Per stilare la classifica, sono stati considerati 45 argomenti, come la cultura d’impresa, la formazione professionale e le pari opportunità offerte grazie agli strumenti di welfare.
Tra i casi virtuosi, c’è Ferrari, confermata per il terzo anno consecutivo come Top Employer grazie all’impegno nella formazione continua dei dipendenti e la riconferma della certificazione della parità retributiva di genere.
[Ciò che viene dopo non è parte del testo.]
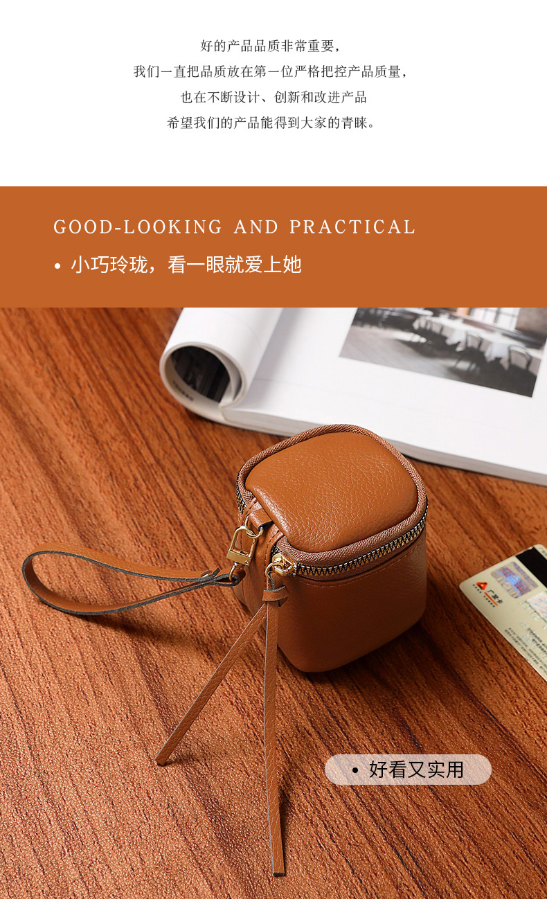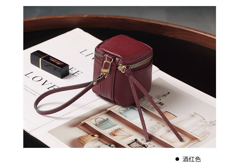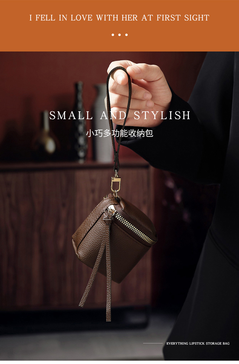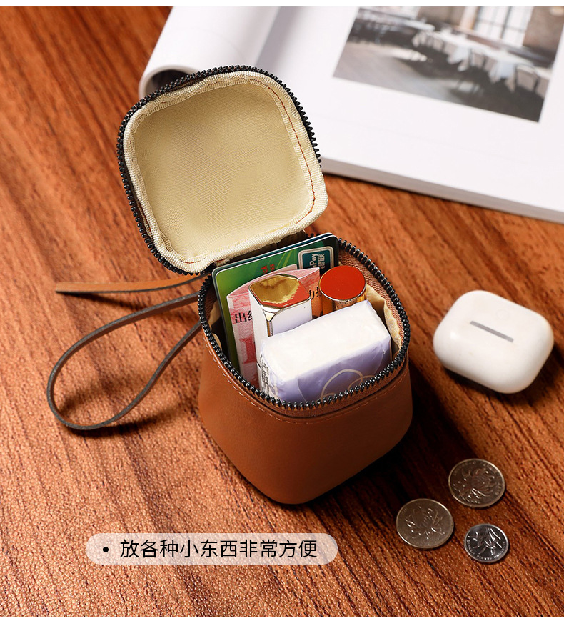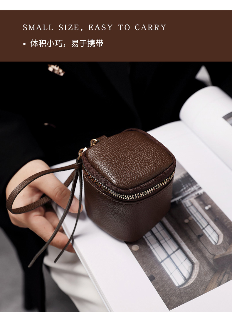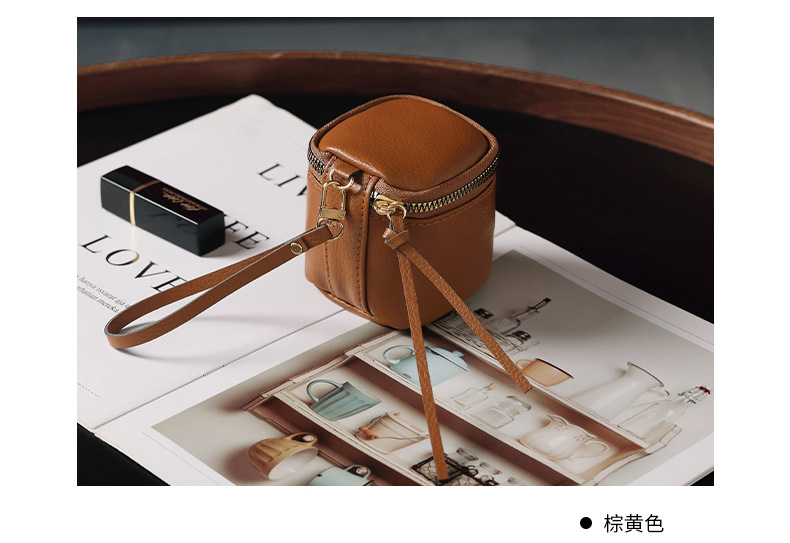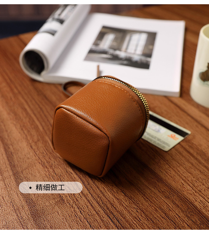 Bolsa de maquillaje de cuero retrógrado, bolso de cambio de lápiz labial, bolso de viaje portátil, barril de almacenamiento personalizado, mini bolso de cambio redondo

Per Iren, si tratta invece del quinto anno consecutivo in classifica, con il nuovo piano industriale decennale prevede 7.000 nuovi ingressi e l’obiettivo di raggiungere il 30% di manager donne entro il 2030.
Nexi è stata premiata soprattutto per il suo programma di welfare aziendale, tra i più completi del panorama italiano, che prevede benefit come previdenza e piano sanitario integrativo. Medtronic si è distinta anche grazie a SmartMed, iniziativa partita durante l’emergenza Covid-19 per garantire l’occupazione e l’interattività, anche lavorando a distanza, con un’organizzazione del lavoro improntata alla massima flessibilità e all’attenzione ai dipendenti e alle loro famiglie.